Other proposals, such as Congress dictating which justices can rule in which cases, may present separation-of-powers concerns. Requiring justices to explain recusal decisions because litigants asked for them would encourage frivolous recusal requests. As to fast-tracking impeachments, could someone please tell the vaunted law professor that (Article I, Section 5) “each House may determine the Rules of its Proceedings”? There is nothing there, and everything disturbing, about the president telling Congress what its rules for impeachment should be.

But the plan’s real significance lies in two broader points. The first is the overall thrust of the proposals, which assume, as the Progressive movement did, that sweeping away the detritus of corruption will do away with disagreement (read: politics) and illuminate right answers in all their sparkling clarity. In this schema, we can be done with the messiness of prudential judgment.

The second is the negative space. Warren has no conception of the proper judicial role other than that it should favor litigants whose political stances she supports. The plan does not even do the courtesy of endorsing living constitutionalism. It apparently assumes that such is the natural result of eliminating corruption.

The first rule for constitutional law students should be that if their policy preferences and constitutional conclusions always align, they should reassess their interpretive methods. A similar question of judicial nominees—from Warren or others—would be to name a case in which a policy was substantively wrong but constitutionally permissible. Warren’s constitutional and policy views coincide with suspicious consistency. Nor is she alone. Robert Bork used to say that most constitutional law was a question of whose ox was being gored.

That appears to be the case for Warren. But what is even more striking is that she elucidates no judicial philosophy at all other than evaluating judges according to the outcomes they reach and assuming that those who reach the wrong ones must have been corrupt. This is a one-way standard, of course, unless Warren would assume that her pro-worker judges must be corruptly beholden to organized labor.

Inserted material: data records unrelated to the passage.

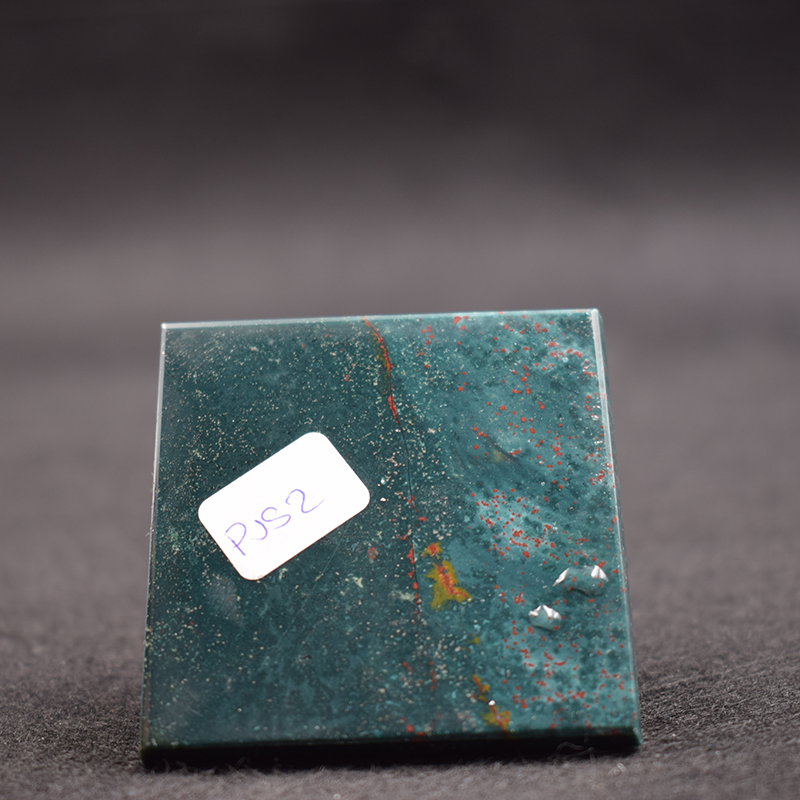 Este jaspe de dominante verde presenta manchas rojas; de aquí su otro nombre de jaspe sanguíneo, e igualmente jaspe heliotropo.
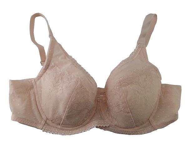 > SI4854◇ 新品 フルカップ ブラジャー カップ 刺繍 脇メッシュ 肩ひも調節可 谷間パールビーズ付 D95サイズ シルクアイボリー 送料 350円
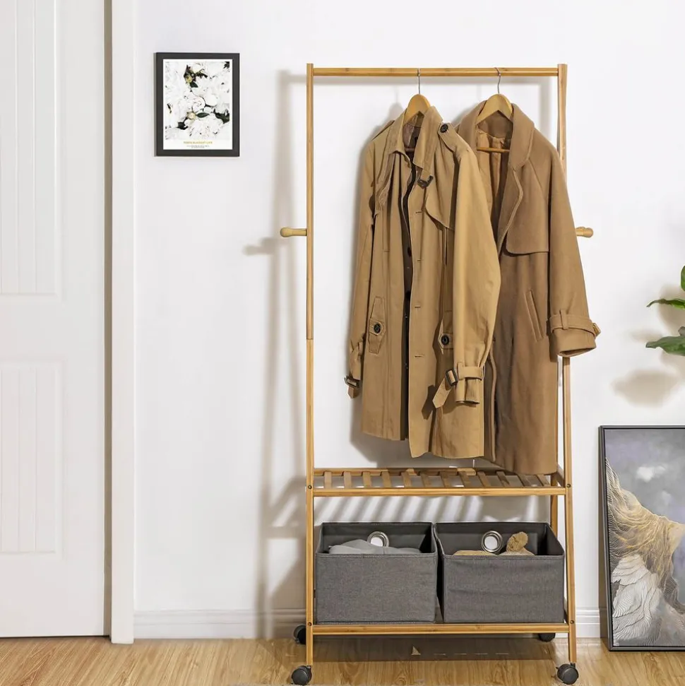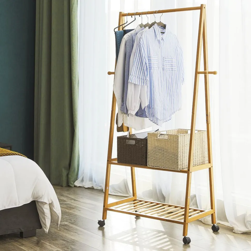 Ce portant à vêtements en bambou est une solution pratique pour accrocher et sécher vos vêtements. L’entreprise Songmics tient toujours à la protection et l’utilisation durable des ressources naturelles, Fabriqué 100% en bambou, ce produit est durable et respectueux de l’environnement. Avec 2 étagères, il profite bien de l’espace pour ranger vos affaires. Le montage et déplacement du produit sont très facile, vous pouvez le mettre à l’entrée ou dans le salon de votre maison. Sans aucun doute, Il va jouer un rôle très important dans la vie quotidienne. -

To be sure, corruption among judges should be rooted out, and there is a case for continuing investigations after judges leave the bench. But this incessant talk of “accountability” is no substitute for a judicial philosophy that encompasses a substantive, constitutional idea of the judge’s role in a republic.

There is nothing inherently wrong with holding misbehaving judges—according to Federalist 81, even judges who consistently rule abusively—accountable. But to reduce jurisprudence to accountability is to assume that judges have two choices in every case: Warren’s preferred outcome and the corrupt one for which they must be held responsible.

Would that constitutionalism and politics were so simple. On second thought, we may be thankful they are not. The need for judgment is what makes politics as opposed to technocracy possible. If Warren is to be president, as opposed to a senator-cum-orator, she had better get used to the fact of politics. The sheer scope of Warren’s plans for everything means she has no hope of achieving them if her legislative strategy is to stigmatize those with opposing views as corrupt.

Perhaps most disturbing, while Warren’s judicial proposals evince no judicial philosophy, there may in fact be a latent constitutional theory discernible in her spate of “plans for that.” It is that the president runs the regime and everyone else is a minion in it. We have ingested an ample serving of that philosophy for the last 12 years, perhaps longer. The word “Congress” appears only twice in Warren’s judicial plan—once to refer to judges lying to Congress and the other to demand that Congress “take action” when a judge is accused of an ethical violation. Consider this in reverse: Would anyone give serious consideration to a congressional candidate whose platform was to proclaim how the president will behave?

They would not. Nor should they. If the basis of Warren’s candidacy is that she has a plan for everything, perhaps she should have a defensible plan for the Constitution too.